Brief -
Lines with "topping": state how many there are in the records below, and nothing else.

Extracted data -
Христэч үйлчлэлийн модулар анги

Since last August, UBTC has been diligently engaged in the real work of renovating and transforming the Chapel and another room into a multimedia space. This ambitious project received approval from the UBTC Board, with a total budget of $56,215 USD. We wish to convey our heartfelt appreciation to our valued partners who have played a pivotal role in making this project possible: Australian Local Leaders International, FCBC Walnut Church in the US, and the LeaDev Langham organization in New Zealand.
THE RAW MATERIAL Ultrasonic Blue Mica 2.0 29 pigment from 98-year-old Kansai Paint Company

==

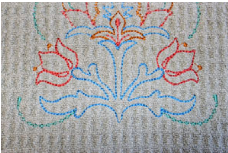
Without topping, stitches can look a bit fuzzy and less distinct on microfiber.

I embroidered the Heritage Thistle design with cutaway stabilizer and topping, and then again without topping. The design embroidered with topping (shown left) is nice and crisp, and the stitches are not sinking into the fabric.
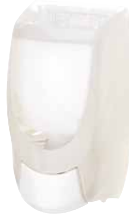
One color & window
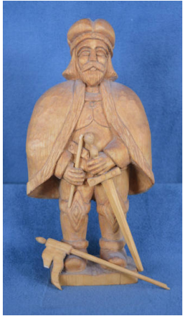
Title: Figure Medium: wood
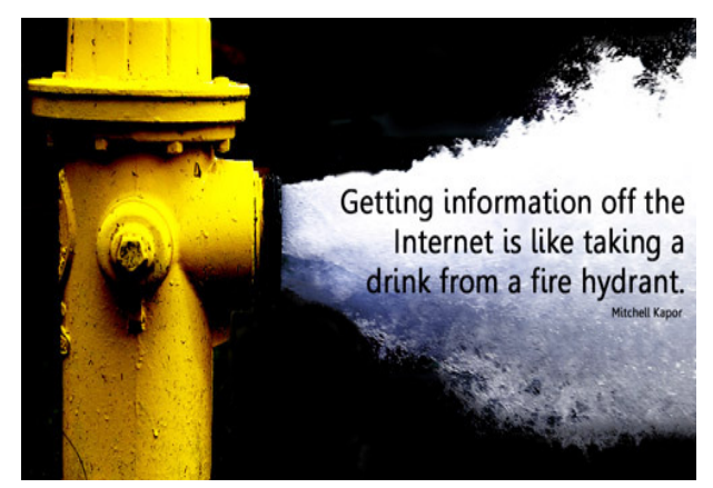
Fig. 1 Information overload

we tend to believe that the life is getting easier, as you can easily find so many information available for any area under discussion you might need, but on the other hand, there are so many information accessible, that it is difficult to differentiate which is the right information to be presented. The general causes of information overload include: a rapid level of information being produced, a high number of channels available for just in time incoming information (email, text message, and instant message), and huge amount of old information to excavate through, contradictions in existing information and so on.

Result -
2